### [What the task asks]
Would you please retype, exactly, the lines of the listing below between the line with "孩子的欢乐,都写在脸上,也表" and the line with "Med en utrolig", inclusive?

### [Source data]
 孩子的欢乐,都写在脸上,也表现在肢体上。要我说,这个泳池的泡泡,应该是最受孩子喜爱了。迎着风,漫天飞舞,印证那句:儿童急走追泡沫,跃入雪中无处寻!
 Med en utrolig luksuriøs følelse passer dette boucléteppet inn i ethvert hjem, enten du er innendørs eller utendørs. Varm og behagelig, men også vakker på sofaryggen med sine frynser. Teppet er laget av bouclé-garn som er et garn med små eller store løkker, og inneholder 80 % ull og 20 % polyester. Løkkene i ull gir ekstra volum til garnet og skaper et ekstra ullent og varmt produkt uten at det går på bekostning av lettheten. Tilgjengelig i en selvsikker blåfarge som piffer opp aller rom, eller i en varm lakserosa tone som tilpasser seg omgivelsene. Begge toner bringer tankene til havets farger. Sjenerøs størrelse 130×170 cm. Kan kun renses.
* * *
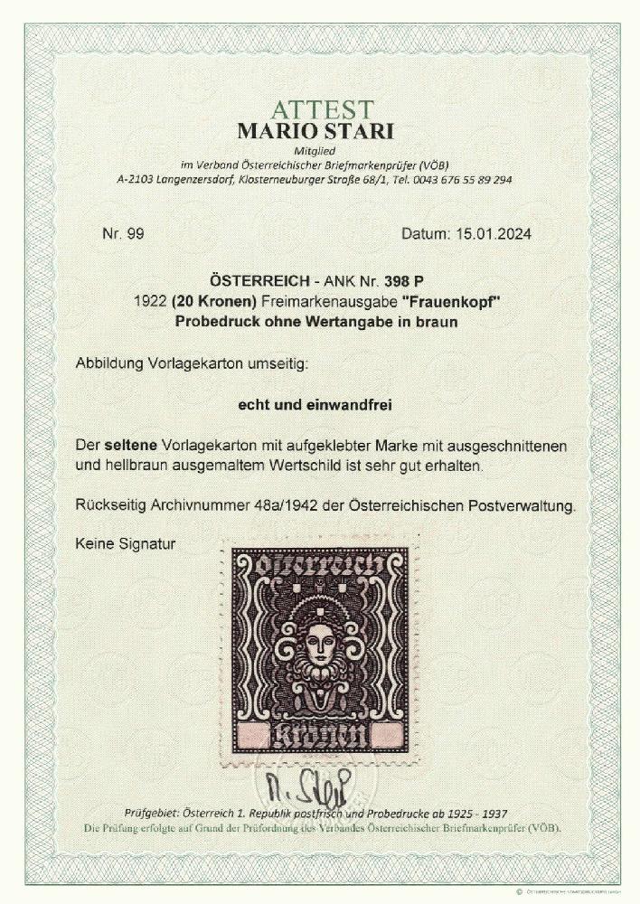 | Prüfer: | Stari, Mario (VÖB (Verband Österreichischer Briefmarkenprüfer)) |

### [Problem solution]
 孩子的欢乐,都写在脸上,也表现在肢体上。要我说,这个泳池的泡泡,应该是最受孩子喜爱了。迎着风,漫天飞舞,印证那句:儿童急走追泡沫,跃入雪中无处寻!
 Med en utrolig luksuriøs følelse passer dette boucléteppet inn i ethvert hjem, enten du er innendørs eller utendørs. Varm og behagelig, men også vakker på sofaryggen med sine frynser. Teppet er laget av bouclé-garn som er et garn med små eller store løkker, og inneholder 80 % ull og 20 % polyester. Løkkene i ull gir ekstra volum til garnet og skaper et ekstra ullent og varmt produkt uten at det går på bekostning av lettheten. Tilgjengelig i en selvsikker blåfarge som piffer opp aller rom, eller i en varm lakserosa tone som tilpasser seg omgivelsene. Begge toner bringer tankene til havets farger. Sjenerøs størrelse 130×170 cm. Kan kun renses.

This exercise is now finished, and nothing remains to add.